Created attachment 208339 [details] Addition patch for IBuilderStateUtil
Created attachment 208345 [details] All in one patch file for injected IBuilderStateUtil
Time profiling for a smaller model shows, that URI.createHierarchicalUri is the most expensive way to create an URI because it validates all parts, except the fragment, which is expensive. In profiler the time grows from 46s to 74s. If I take the new URI, trimFragment and append the (cached) optimized fragment I need 10% more memory (44MB against 40MB) but can load it in 51 seconds. I think this should be the way here. I'll update the patch later.
Also note that it's only URI#createURI(String) which uses the caching inside URI. So I don't think it's worth optimizing the segments etc. Just the fragment. That's what we did in our product. I suppose we could check if this is an enhancement that could go into EMF. I.e. in URI#createURI() call new String() for the URI base and the fragment.

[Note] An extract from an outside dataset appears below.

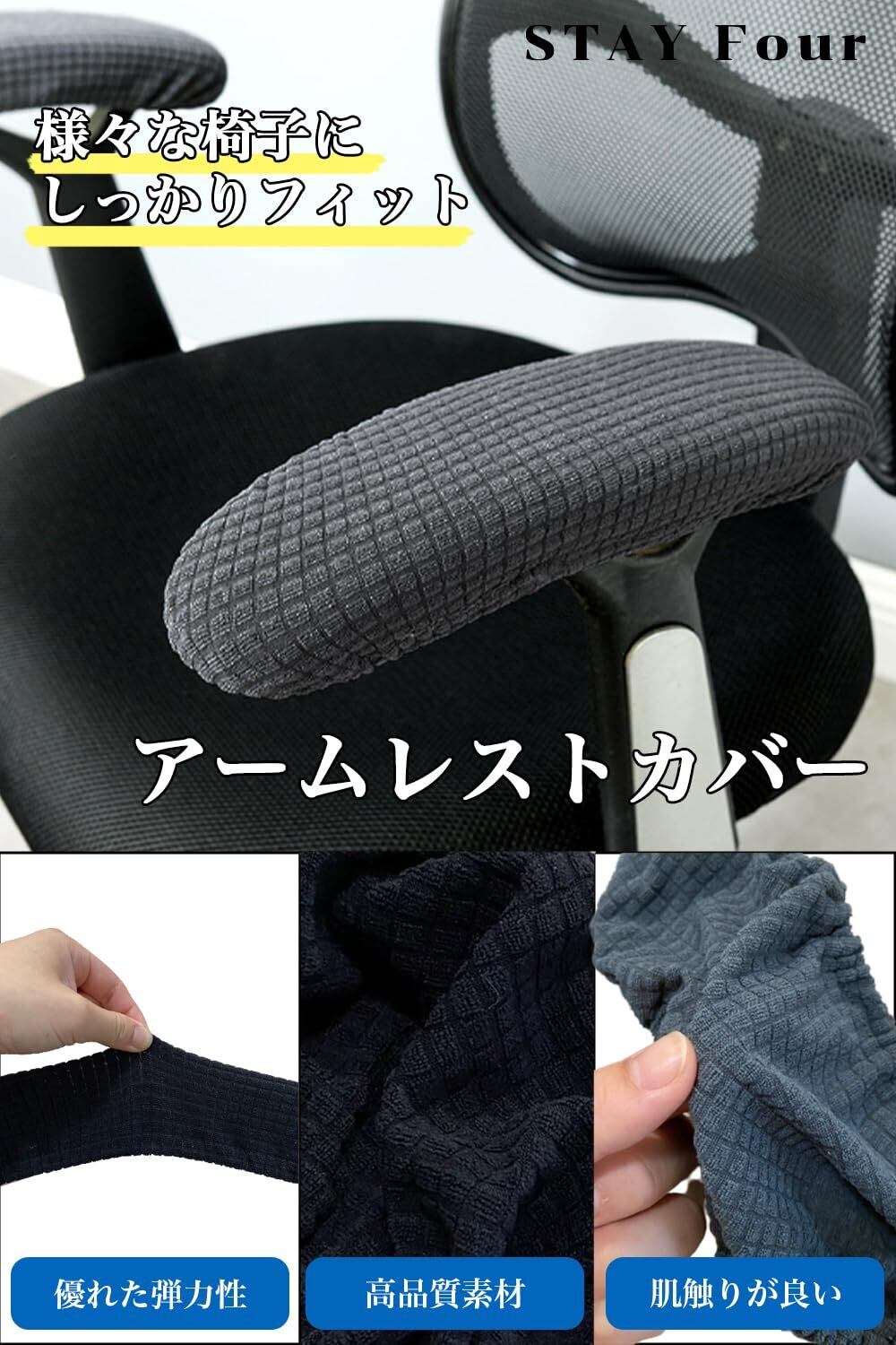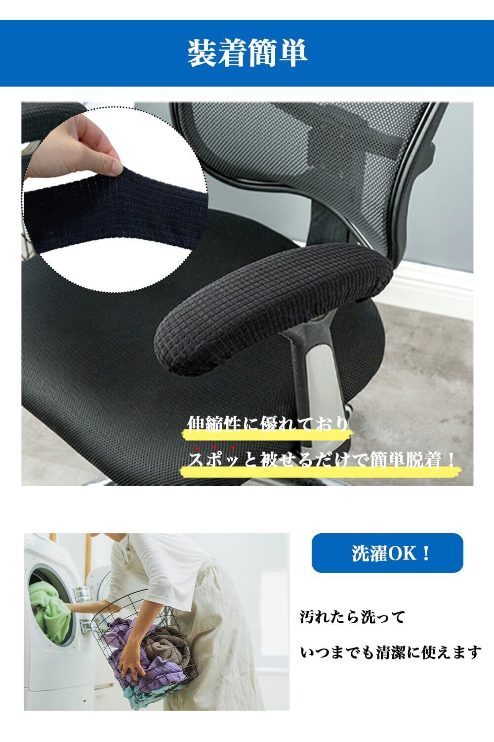 【 快適な使い心地 】 クリエーターやプログラマー、ゲーマーなど長時間PC作業をされるお仕事の方は、腕や肘に負担が多くかかりやすいです。そのため、椅子にアームレストがついており休めることができます。ですが長く使用していると劣化してきてしまいます。そんな時におすすめのアイテムがアームレストカバーです。カバーをすることで、見た目もスッキリし、使い心地も快適です肘置きをしっかり保護してくれるため、長くご愛用していただけます

Created attachment 208756 [details] Patch for optimizing only the fragment of uris I tried also caching the baseUri based on segmented uri and use them to append different fragments. This way the validation is done only if necessary. This caching could also be part of EMF, but it caches on a different level. I'm not sure if URI should reuse segments or replace fragments with own short Strings, because it would increase memory in many other circumstances. The profiling result showed in my example, that caching and reusing the segments leads to 500kb of 90MB ResourceDescriptions is saved for Strings, but WeakHashMap and WeakReferences took more than 600kb additionally. The loading time for saved ResourceDescriptions increased from 6.7s to 6.9s approx. With this results I prefere a short optimizer which optimizes only the fragments. The optimizer is injected and could be replaced in customer projects.
I think this enhancement may no longer be necessary when using EMF 2.8 in the runtime (see bug 367911). It actually has a big advantage even: It doesn't attempt to reduce the memory footprint after the fact (i.e. after loading the builder state from disk): The fragments will already be stored as separate new String objects to begin with.
I think we can mark it here as wont fix. Everyone can take a look at my workaround, but for xtext the changes in emf should be sufficient.